Situé en Silésie, au sud de l'Oder et à 60 kilomètres de Breslau, près de la ville portant le même nom (Rogosnica, en polonais), le KL Gross Rosen est d'abord un Kommando de Sachsenhausen. Ouvert en août 1940, il devient un camp autonome à l'automne 1941 avec ses propres Kommandos de travail.
Le KL Gross Rosen est un camp de concentration de la seconde génération, celle de l'expansion territoriale du Reich vers l'Est. Les facteurs économiques sont à l'origine de son accession au statut de camp autonome : l'aggravation des bombardements alliés sur le Reich nécessite le transfert en Basse Silésie d'usines d'armement menacées par les bombes. Il faut désormais fournir de la main-d'œuvre à ces usines. Le KL Gross Rosen, prévu pour un effectif de 15 à 20 000 détenus, doit constituer ce réservoir de main-d'œuvre.
L'originalité du KL Gross Rosen réside dans la présence, sur la place d'appel, d'un campanile supportant une cloche qui rythme la vie des détenus. Nombre de témoignages évoquent l'aspect monotone du camp, illustré par ses vingt-deux blocs identiques et alignés jusqu'au crématoire. Les détenus sont astreints au travail forcé dans les carrières voisines du camp, particulièrement meurtrières, mais aussi dans des Kommandos intérieurs comme Siemens, Blaupunkt, Wetterstelle ou la filature ; ou encore, à l'extérieur, dans les Kommandos de Kamenz, Aslau, Gassen ou Gross Koschen.
Au départ, le KL Gross Rosen est destiné aux déportés polonais. Puis des prisonniers de guerre soviétiques y sont envoyés, ainsi qu'après l'abrogation de la procédure « Nacht und Nebel »[1] des Français de zone occupée et du Nord-Pas-de-Calais, ainsi que des Belges extraits des prisons allemandes où ils étaient détenus. Les prisonniers « NN » y sont internés dans les blocs 9 et 10, qui peuvent contenir jusqu'à 1 000 détenus chacun. Ils subissent des conditions effrayantes de manque d'hygiène et d'épuisement qui conduisent rapidement à la mort. Les déportés « NN » du Nord-Pas-de-Calais, arrivés pour la plupart par le transport du 30 octobre 1944 en provenance du Zuchthaus Gross Strehlitz, ont payé un lourd tribut dans ce camp, puisque près de 50% sont décédés avant son évacuation en février 1945. On signalera aussi l'immatriculation au camp d'au moins 162 Français arrêtés sur le territoire du Reich.[2]
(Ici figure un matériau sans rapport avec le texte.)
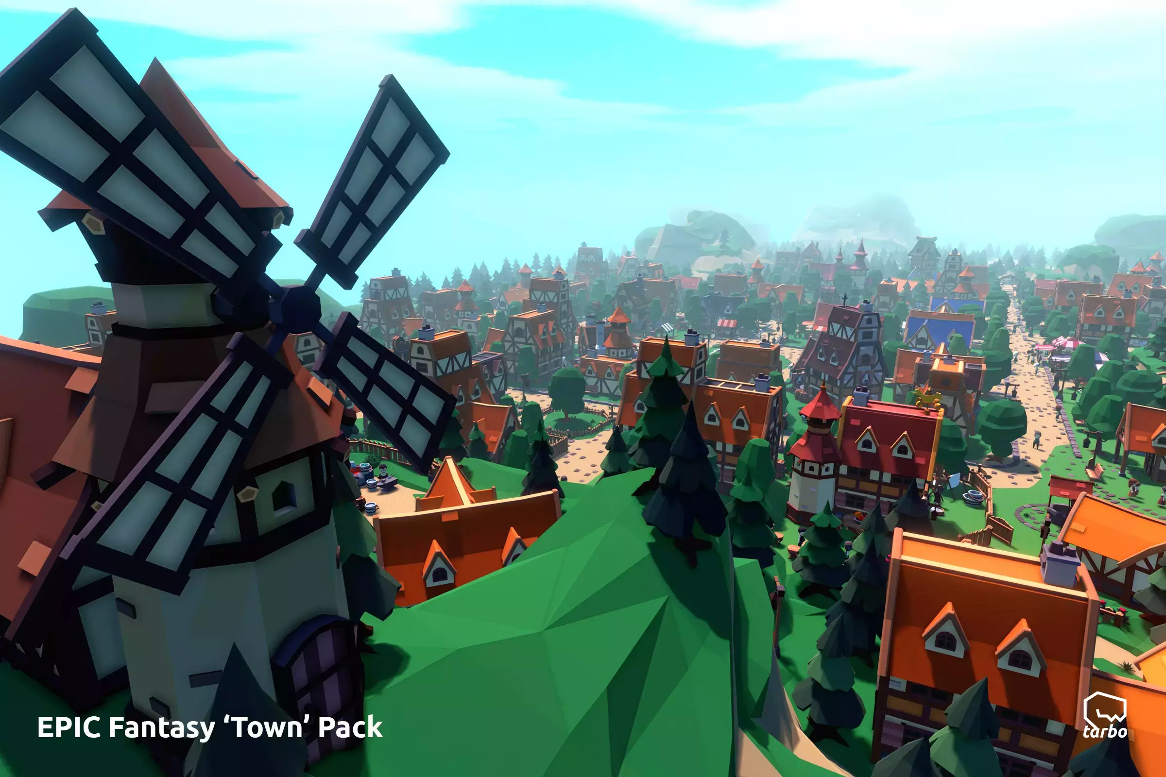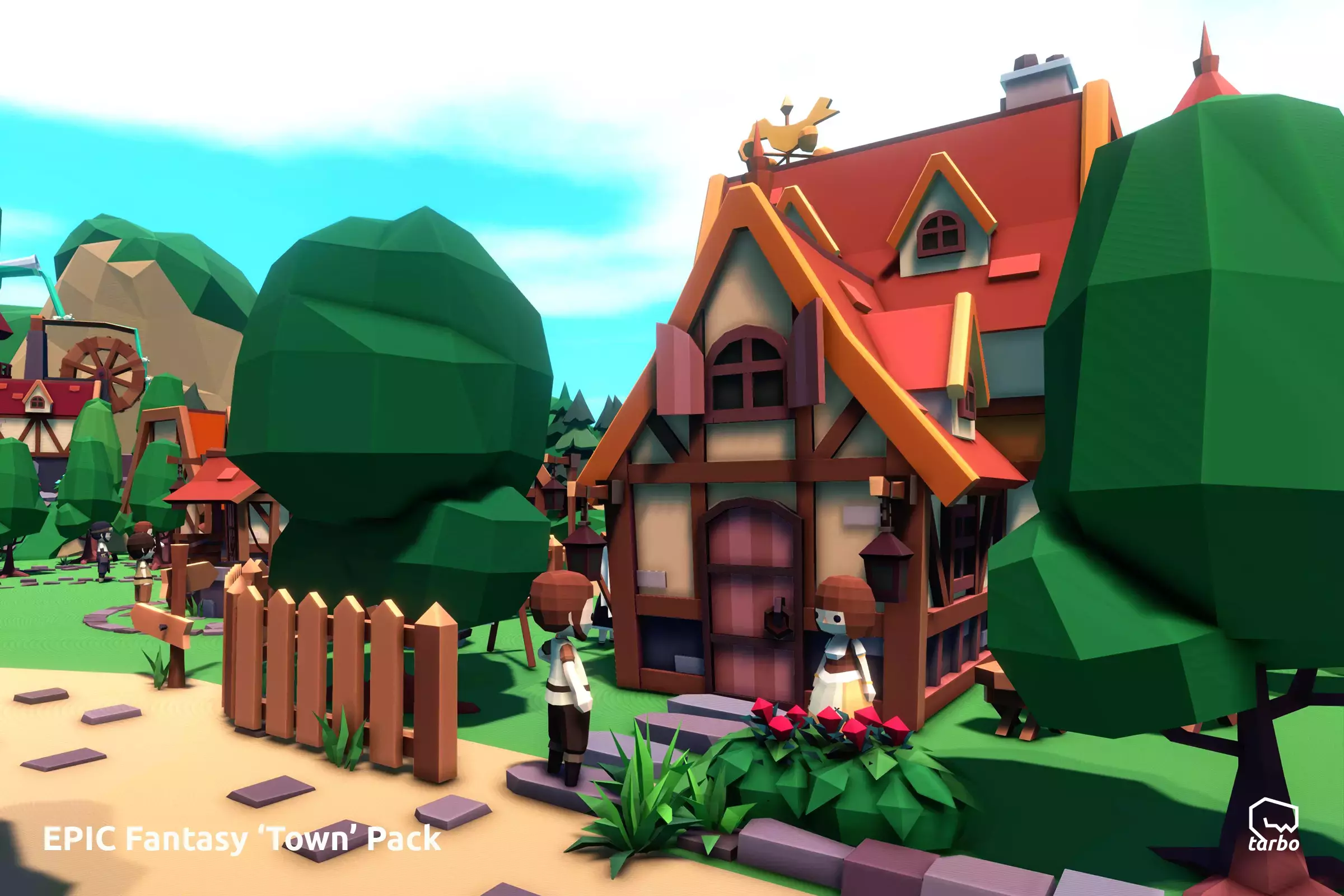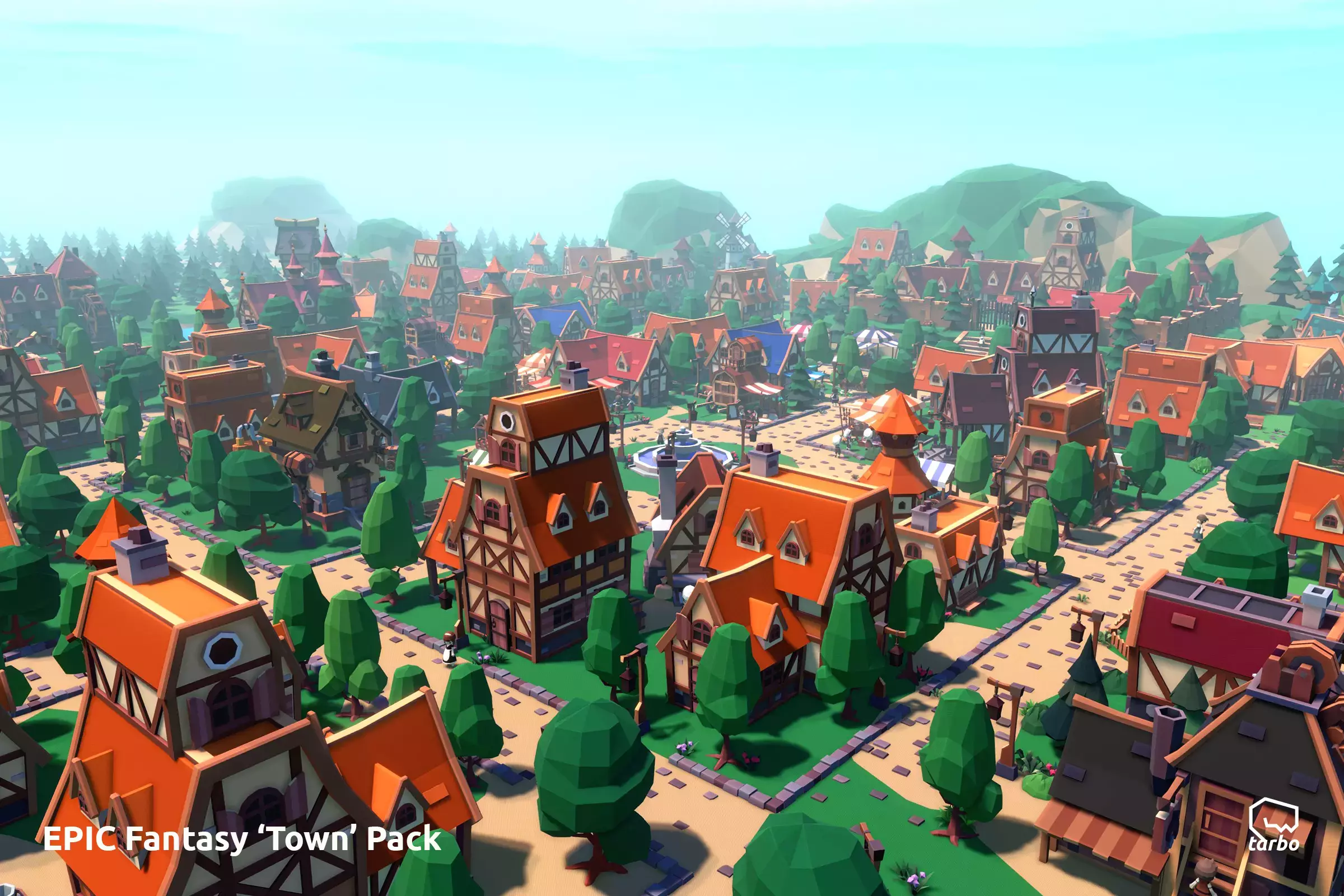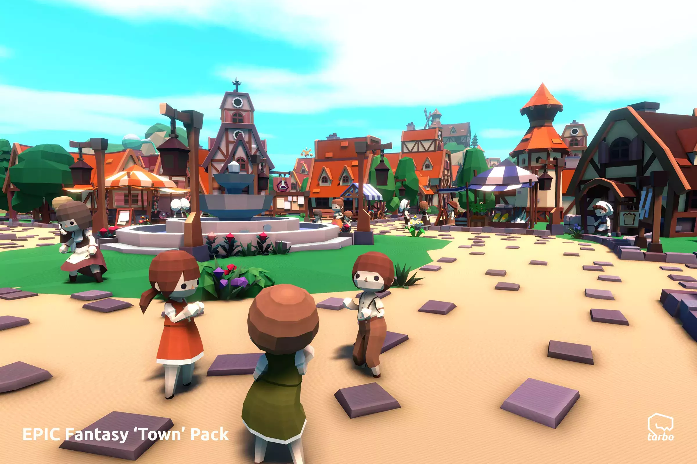 EPIC Fantasy Town Pack представляет собой полигональную игру в стиле фэнтези, которая подходит для игр в жанре "Сверху вниз", RPG, приключенческих, социальных и RTS. Этот набор позволяет вам создать свой собственный красивый и разнообразный фэнтезийный город с персонажами.
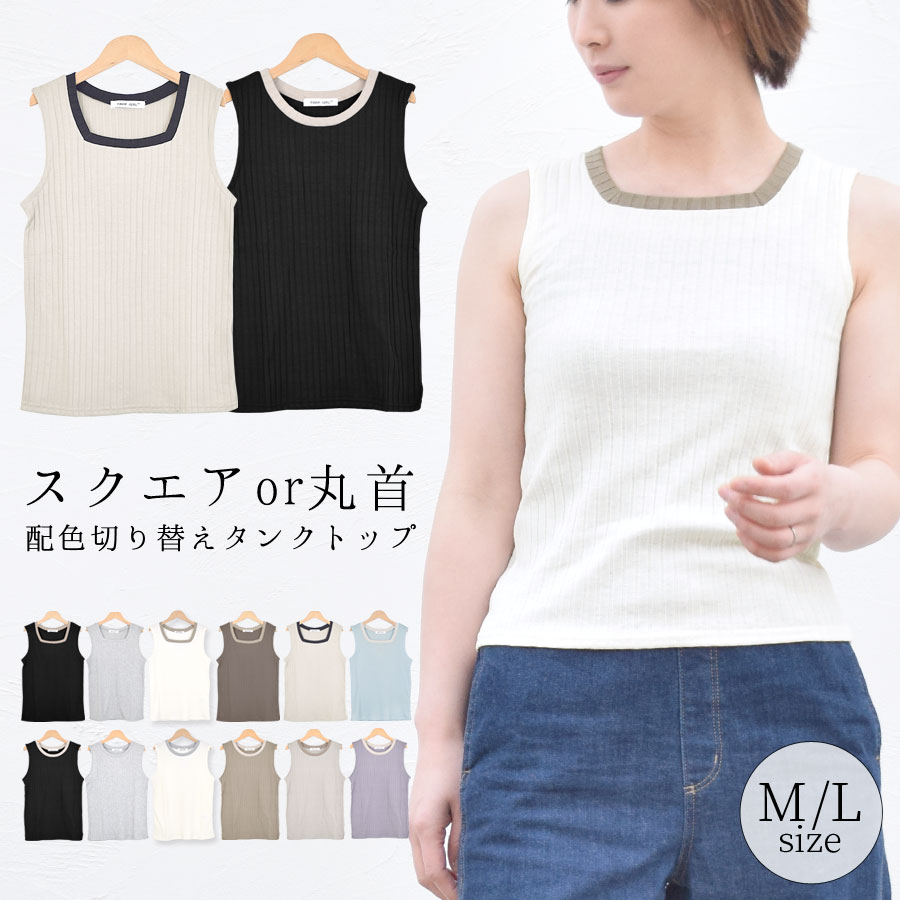タンクトップ スクエアネック 丸首 ノースリーブ リブタンク リブ レディース トップス 【送料pt100】
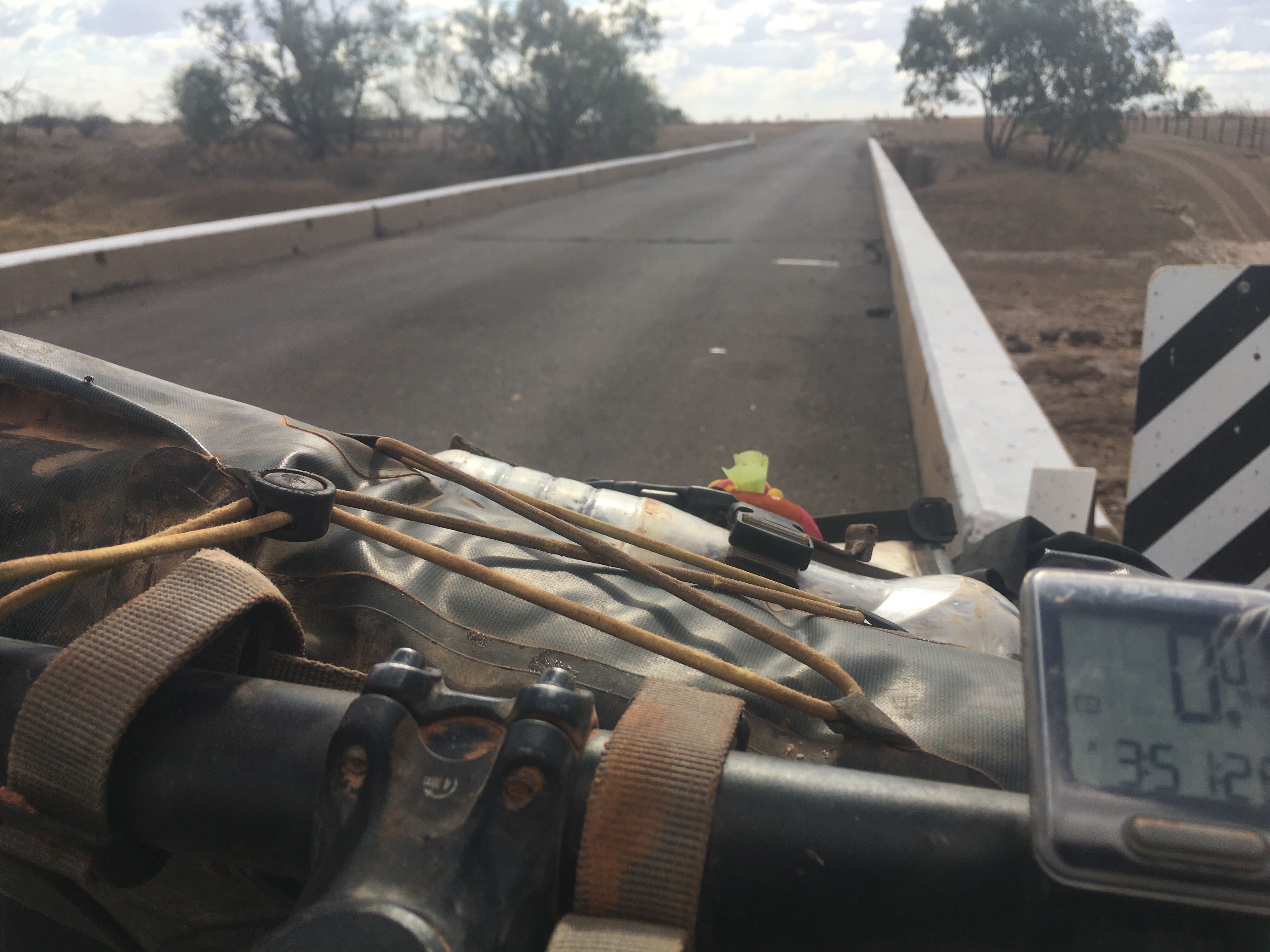 Its easy for my thoughts to get lost in the expanse. I quite like that feeling. But Banjo and and I were keen to stay focused for the next 30kms and keep his tyres safe from sharp rocks until the sealed road.
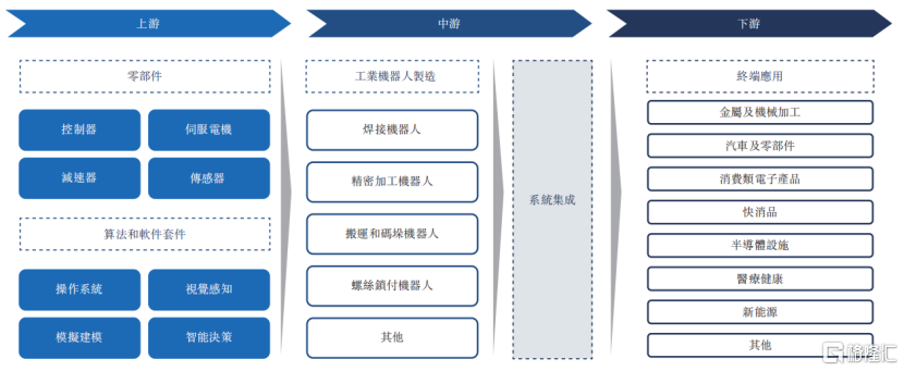 中游涵盖机器人制造商与系统集成商,负责组装焊接机器人、精密加工机器人、搬运和码垛机器人、螺丝锁付机器人等工业机器人,并提供集成自动化解决方案。系统集成商则开发定制化机器人应用解决方案。
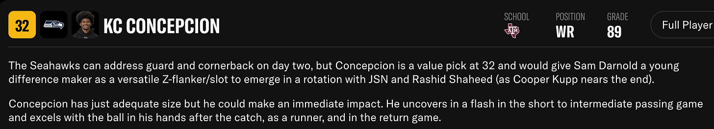 This is an industry that follows the leader so I would not be surprised if much more steam builds towards Seattle picking a receiver. And if you listen to some people, like Josh Norris at Underdog Fantasy, you could be easily convinced that Concepcion is the most underrated first round prospect.
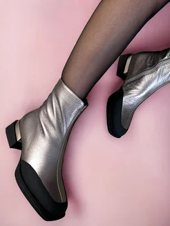 Ботильоны натуральная кожа с эффектом "Мокрый шелк"
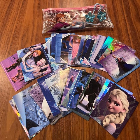 En tiedä mistä keräilysarjasta nämä ovat, niitä kun on ollut jo useampia. Tarrojen taustapuolella Anna ja Elsa halaavat toisiaan ja englanninkielisessä tekstissä lukee "From the movie Disney Frozen". Keräilyvihkoa minulla ei ole.
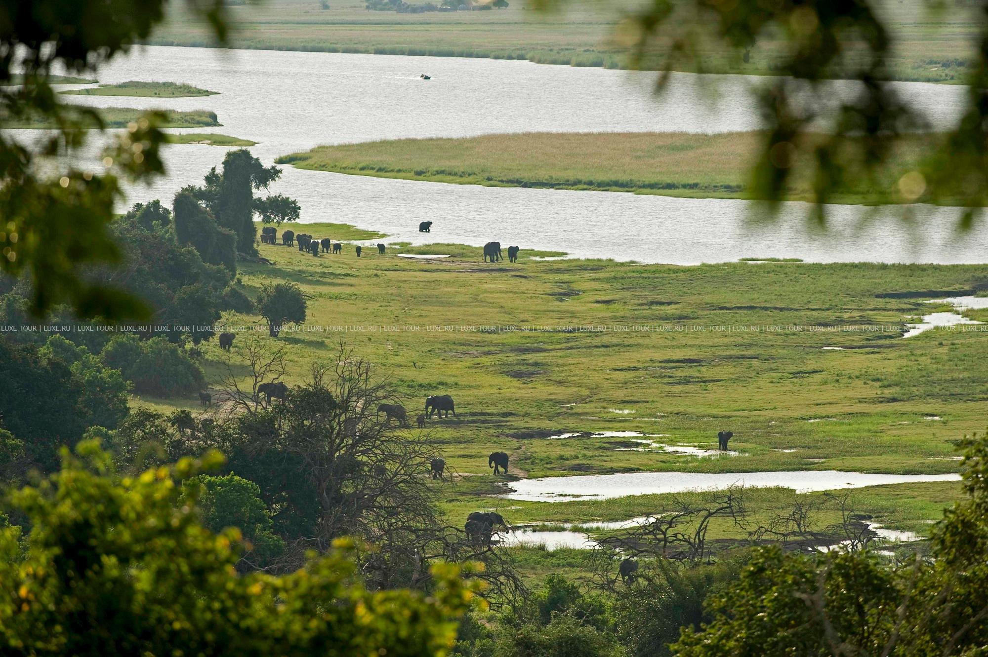 Берег реки Чобе, граница национального парка Чобе, в 10 минутах езды от аэропорта Касане, в 1,5 часах езды от аэропорта Виктория Фоллс.
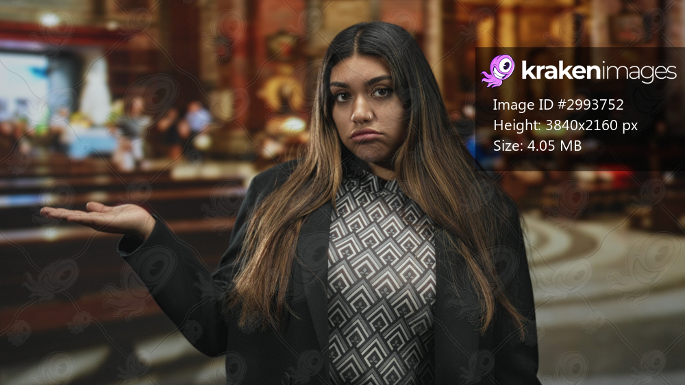 Woman in blazer and patterned top shrugging with palm up and sullen pout amid ornate interior of a historic building; quiet resignation.

La mortalité est très élevée au KL Gross Rosen. Le crématoire construit en 1941 est remplacé en 1943 par des fours à quatre chambres et à grand rendement. Sur les 200 000 personnes qui ont séjourné au camp, on estime que 40 000 y ont trouvé la mort.
Quelques mois avant la fin de la guerre, des déportés transférés d'autres camps transitent par Gross Rosen. Ce sont en particulier les détenus des camps de l'Est, comme Auschwitz, évacués face à l'avance de l'Armée Rouge. La surpopulation entraîne la propagation d'une épidémie de typhus et, entre le 8 février et le 23 mars 1945, le camp doit être à son tour évacué vers les KL Buchenwald, Flossenbürg, Dachau et surtout Dora et ses Kommandos dont la Boelke Kaserne à Nordhausen. Plus de 30 000 détenus sont ainsi embarqués dans des trains découverts, conditions entraînant une effroyable hécatombe. Le 5 mai 1945, les troupes soviétiques entrées dans le camp ne trouvent que quelques survivants.
Equipe du Livre-Mémorial
[1] Voir la notice sur cette procédure en introduction du Livre-Mémorial.
[2] Sur cette question, se référer à la notice sur les Français arrêtés sur le territoire du Reich et déportés, en introduction du Livre-Mémorial.